Der Katalog anlässlich der Ausstellung „Erró/Jean-Jacques Lebel: 1955-2011“ in der Brot Kunsthalle in Wien 2011 liefert tiefe Einblicke in die Freundschaft der Künstler Erró und Jean-Jacques Lebel.

Erró stammt aus einer typisch isländischen Großfamilie und wurde auf einer abseits gelegenen Farm in Island groß, inmitten von Schafen und Kühen. Jean-Jacques Lebel hingegen wuchs als Einzelkind in New York in einer kunstaffinen Familie auf, als Sohn des einflussreichen Kunsthistorikers Robert Lebel. Während Erró als ruhiger und beharrlicher Isländer beschrieben wird, wird Lebel als quirlig-anarchischer Franzose dargestellt. Doch trotz oder gerade wegen dieser beiden so unterschiedlichen Charaktere entwickelte sich eine lebenslange Freundschaft, die während ihres Studiums in Florenz 1955 in einer Studentenmensa begann.

Klare Unterschiede

Auch auf künstlerischer Ebene lassen sich Unterschiede klar erkennen, die nicht nur auf den unterschiedlichen Techniken und verschiedenen Medien beruhen.
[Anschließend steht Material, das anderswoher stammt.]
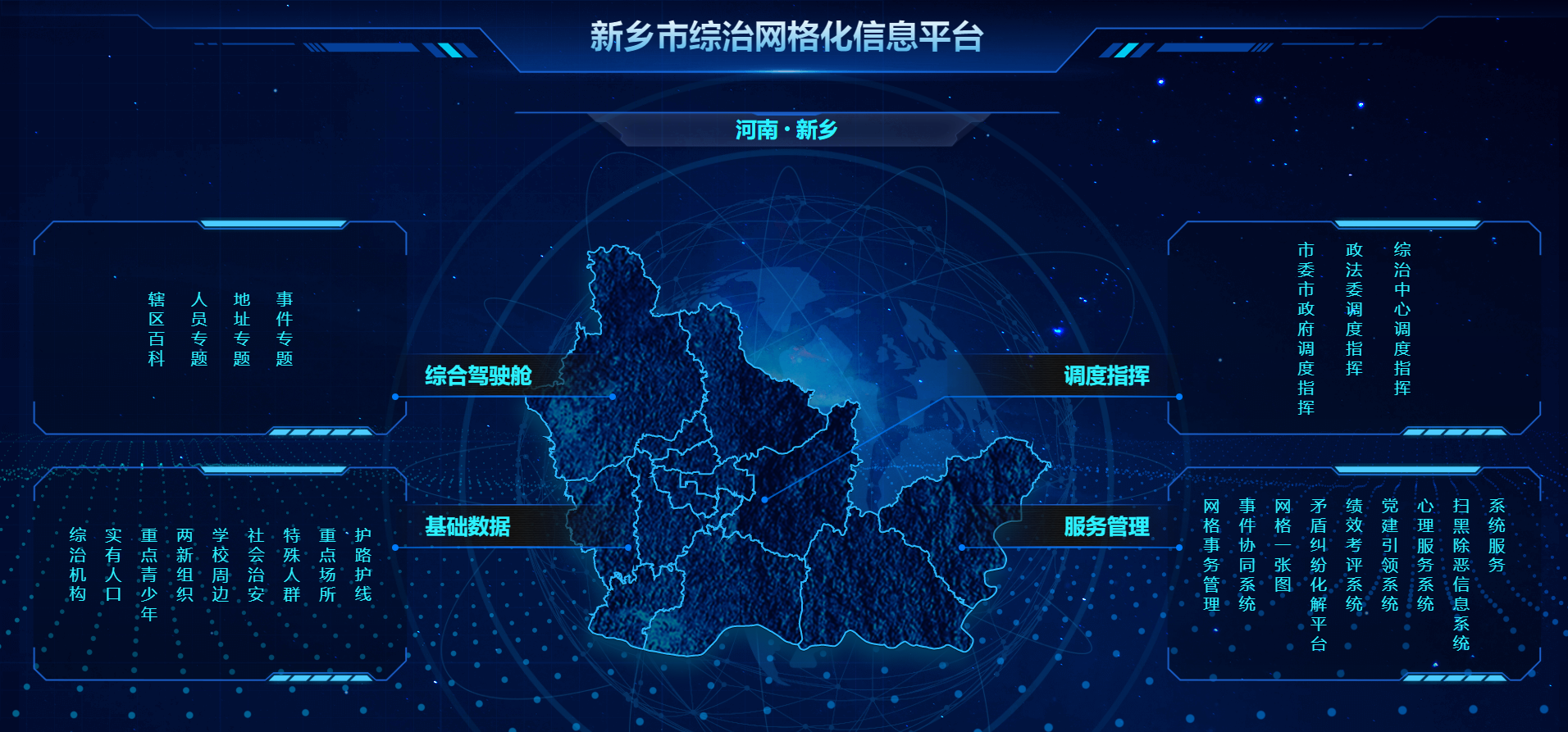 综治网格化管理平台以深化平安建设、加强网格化服务管理等重点工作需求为导向,依托国家电子政务外网,充分运用大数据、云计算、地理信息平台等现代科技手段,对影响国家安全、社会稳定、治安状况和群众安全感的各类社会矛盾和问题信息进行综合集成,对社会管理综合治理信息资源进行合理配置。

Erró scheint für seine Arbeiten immer wieder von seinem unglaublich großen visuellen Gedächtnis Gebrauch zu machen. Dabei transformiert er verbreitete Bilder der Pop-Kultur mittels einer Collagetechnik und stellt sie in einen neuen kritischen Kontext. Seine seit vielen Jahren auf Malerei fokussierte Kunst ist politisch, was ihn mit der Kunst von Lebel verbindet. Lebel jedoch ist ein universeller Charakter und eine schillernde Persönlichkeit der Kunstwelt. Er betätigte sich auch als Kurator und ist bekannt für seine Performance- und Aktionskunst, sowie seine oft erotisch konnotierten Collagen und Installationen aus Alltagsmaterialien, die auf Tabubruch angelegt sind.

Vom Nordpol kommend

Was war der Anreiz für eine Publikation über die zwei so unterschiedlichen Künstler? „Gegensätze ziehen sich an!“ ist die prägnante Antwort von Harald Falckenberg, der die Katalogtexte schrieb und in einem engen persönlichen Verhältnis zu beiden Künstlern steht. Zum besseren Verständnis von Errós und Lebels Arbeiten schreibt Falckenberg über ihre Herkunft, Ansichten und politischen Einstellungen. Darüber hinaus erzählen die beiden in einem ausführlichen Interview mit Heinz-Norbert Jocks von ihrer Freundschaft und der gemeinsamen Vergangenheit. „Für mich als Isländer, also vom Nordpol kommend, war er (Lebel) aufgrund seines enormen Wissens beeindruckend. Er schien alles zu kennen“, beschreibt Erró im Interview seine ersten Eindrücke von Lebel. Als Freunde reisten sie zusammen, zunächst auf ihren Vespas durch Italien, später durch die Welt. Als Künstler tauschten sie sich von Anfang auf bereichernde Art und Weise aus und arbeiteten gemeinsam an Bildern, Gouachen und Collagen.

Die Ausstellung und der Katalog gewähren mit über dreißig Werken und Abbildungen nicht nur einen Querschnitt der Arbeiten von Erró und Lebel, sondern ermöglichen auch einen Einblick in ihre künstlerische Zusammenarbeit. Aus den Textbeiträgen wird deutlich, wie viel beiden ihre innige Freundschaft und tief emotionale Verbundenheit bedeutet – vor allem aber Errós künstlerische Laufbahn wurde von diesem Zusammentreffen entscheidend geprägt.